M. Henry Houssaye qui présidait, hier, la distribution des prix du collège Stanislas, a prononcé, devant des enfants, la phrase suivante :
« Il y a cinq ans, nos soldats montraient en Chine leur vaillance accoutumée. Il y a cinq mois, ils montraient aux grèves de Limoges leur esprit de discipline. »
Nous ne relevons pas, aujourd'hui, ce qu'a d'extraordinaire cette allusion à cette campagne de Chine où furent commis par toutes les armées européennes tant d'actes scandaleux de pillage, tant d'actes atroces de cruauté et de destruction. Si c'est là la forme du courage recommandée aux jeunes gens, elle se confond avec la sauvagerie. Mais que dire de la phrase où M. Houssaye, ayant à citer un exemple de discipline, l'emprunte au détestable conflit de Limoges ?
Ainsi, il est entendu que la discipline consiste pour les soldats à tirer aveuglément sur leurs frères et sur leurs pères. Il est entendu que ce sont des leçons de guerre civile, de répression sanglante, que, sous le nom de discipline, on veut donner aux nouvelles générations.
Toute la brutalité de la pensée réactionnaire éclate, les hypocrisies des formules tombent et l'on aperçoit à plein ce que les classes dirigeantes entendent aujourd'hui par patriotisme. Voilà en vérité une belle matière à cette propagande antimilitariste dont M. Houssaye et ses amis dénoncent tous les jours le péril.

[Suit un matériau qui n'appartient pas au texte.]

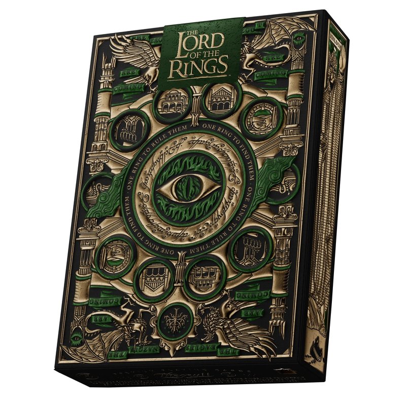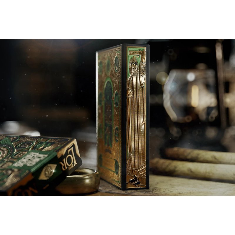 Crafted with the gold that Sauron used to forge the One Ring, along with emerald green foil that reflects the luscious landscape of The Shire, the box is truly one of a kind. The cards themselves are made in the USA - printed on FSC-certified paper derived from sustainable forests, using vegetable-based inks and starch-based laminates.
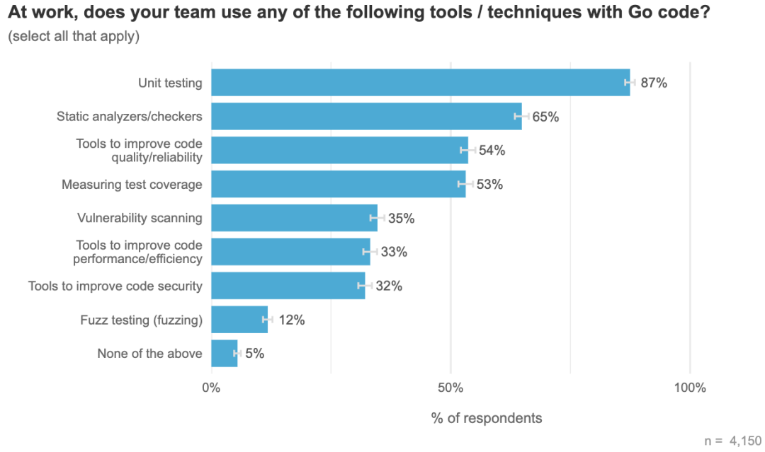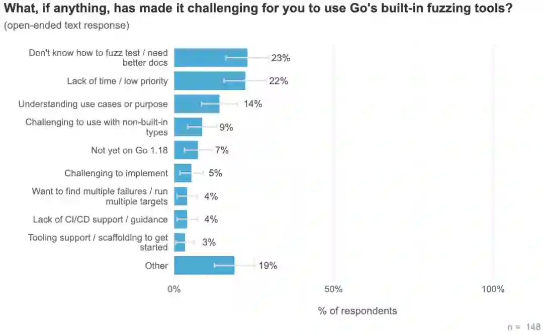 模糊测试是提高应用程序安全性的另一种好办法,但大多数受访者似乎对此还不熟悉。只有 12% 的受访者在实际工作中用过模糊测试,5% 的受访者称已经在使用 Go 内置模糊测试工具。在“为什么会感觉模糊测试难以使用”的开放性问题中,我们发现影响最大的并非技术因素:占比最高的三个答案分别是“不了解如何使用模糊测试”(23%)、“没时间进行模糊测试或者其他安全保障工作”(22%)、“没法以符合预期的方式和时间进行模糊测试”(14%)。这些发现表明,我们还需要投入精力帮助开发者了解模糊测试的价值、模糊测试要测什么,以及如何把它应用在不同的代码库当中。

Aussi bien, les directeurs de la maison savaient ce qu'ils faisaient en confiant la présidence de la distribution des prix à l'écrivain-bonapartiste qui a glorifié les coups d'États césariens et qui, dans son zèle napoléonien, n'a que tendresse pour ceux des officiers qui, au retour de l'île d'Elbe, manquèrent à leur serment. M. Houssaye a consacré des livres à glorifier l'indiscipline, d'abord l'indiscipline essentielle de ce Bonaparte qui viola la Constitution et les lois, puis l'indiscipline de tous les officiers qui n'ayant pas eu la probité et le courage de refuser leurs services à la Restauration la trahissaient ensuite au profit.de l'aventurier. Et ce sont ces apologistes du Coup d’État, de la trahison, de l'indiscipline, qui osent recommander la discipline aux enfants de la République française et qui ne conçoivent cette discipline que sous la forme de l'obéissance passive, aveugle, à des ordres meurtriers tournés contre le peuple souffrant!
Lorsque désormais on aura l'impudence d'opposer aux internationalistes telle ou telle phrase outrancière ou sophistique, il leur sera facile de répondre par la citation du discours de M. Houssaye. Cet académicien est un furieux énergumène et nul révolutionnaire, nul libertaire n'aura aussi certainement déconsidéré la discipline militaire que celui qui, voulant la glorifier devant des enfants, lui donne une figure sinistre de guerre sociale et de féroce répression.
J. J.
Référence.
Jean JAURÈS, « Leur discipline », L'Humanité, n°467, vendredi 28 juillet 1905, p. 1.